# Jumping out of hands, shyness



## simplesophiaa (Jun 12, 2015)

Occasionally my rabbit lets me pick him up and he doesn't seem to be bothered. But when its time to put him down, he squirms and tries to jump out of my hands.

My method:
I hold on to his chest and legs and slowly lower myself to the ground, but by the time my knees hit the ground he tries to jump out. So then i stand up again and try to soothe him, because his struggle to jump out obviously makes him very stressed.

This repeats usually about maybe 5 or more times before I can finally get him onto the ground without him jumping out. But after I put him down, he is scared of me for the rest of the day.

Is there a better way to train him? and a way where he doesn't get so mad at me.

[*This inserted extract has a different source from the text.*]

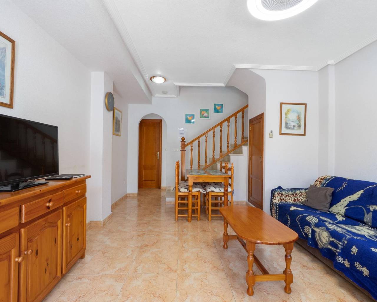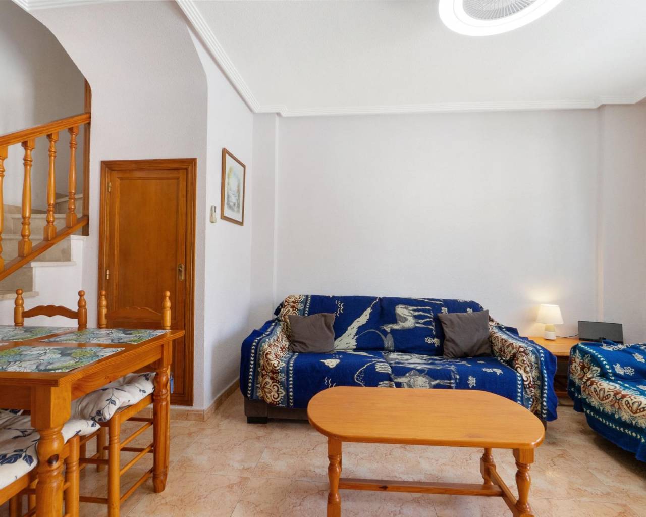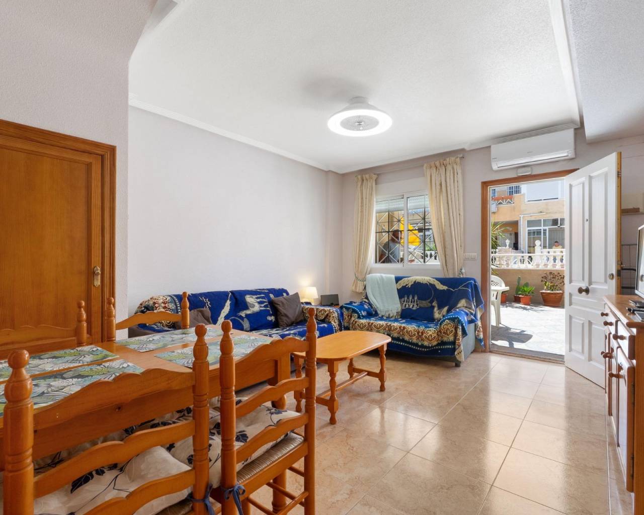 ???? Vivienda con encanto en residencial con piscina, a un paso del centro de Torrevieja~~Esta vivienda es ideal tanto para vivir todo el año como para disfrutar de tus vacaciones. Está situada en un residencial tranquilo con piscina comunitaria y zonas ajardinadas, en las afueras de Torrevieja pero muy cerca del centro y de todos los servicios.~~✨ Características principales:~???? Jardín enlosado privado de 25 m², perfecto para reuniones o tomar el sol~????️ Planta baja con salón, cocina equipada, patio trasero y aseo de cortesía~????️ Planta primera con 2 dormitorios y baño completo con bañera~☀️ Solárium privado donde disfrutar del clima mediterráneo todo el año~~Un hogar completo, cómodo y con espacios exteriores para disfrutar en familia o con amigos.~~???? Ubicación estratégica, tranquila pero bien conectada, cerca de supermercados, colegios, transporte público y a solo minutos de las playas de Torrevieja.~Si buscas una vivienda lista para entrar a vivir, en un entorno cuidado y con piscina, ¡esta es tu oportunidad!

He is already really shy and doesn't like me much, but I feel like if i just dont practice picking him up for a long period of time he will forget the feeling completely and I will also have to retrain him to let me pick him up, let alone put him down.

Thank you,

Instagram: mrbeansthebun


----------



## PABunnyMom (Jun 12, 2015)

Try gently holding your hand over his face/eyes. My buns try to jump out of my hands when they know I'm getting ready to put them down. I find they are much calmer when I cover their face.


----------



## BlazeBunnies (Jun 12, 2015)

I agree gently put your hands over his eyes/face and lower him. A couple of my buns do this aswell and I have been to a behaviour place because I was curios of what was causing it and they said it can happen for many reasons in my buns cause he said that he didn't want to go on the ground. I hand raised the bun and she is use to me holding her and so now she isn't like every other bun who prefers to be on the ground she prefers to be held &#128522; hope all goes well for you and your bun


----------



## stevesmum (Jun 13, 2015)

Yeahhhh I probably wouldn't almost let him go five times before finally releasing him, it must be quite stressful for him, like he can almost get free and is then again restrained. I think it takes a lot of patience and time, and maybe some treats should be involved to reinforce positive behaviours and make positive associations. To be honest I don't bother picking up my bunnies unless I have to, like for nail clippings. They just don't like it and I respect that.


----------



## PABunnyMom (Jun 13, 2015)

Yes, stevesmum, it's best to wait for them to come to you before trying to pick them up. Two of mine were hand raised so they naturally go to the front of the cage to be pet.


----------



## Bonsai (Jun 13, 2015)

I read somewhere (I don't recall where...) to back the rabbit into his cage rather than put him in facing the cage. Snickers used to squirm a little when it was time to put him back up but when I started putting him in backwards (butt first instead of face first) he stopped squirming. I'm not entirely sure why that is, but it seems to work for me! You should try it and see if it helps you at all. 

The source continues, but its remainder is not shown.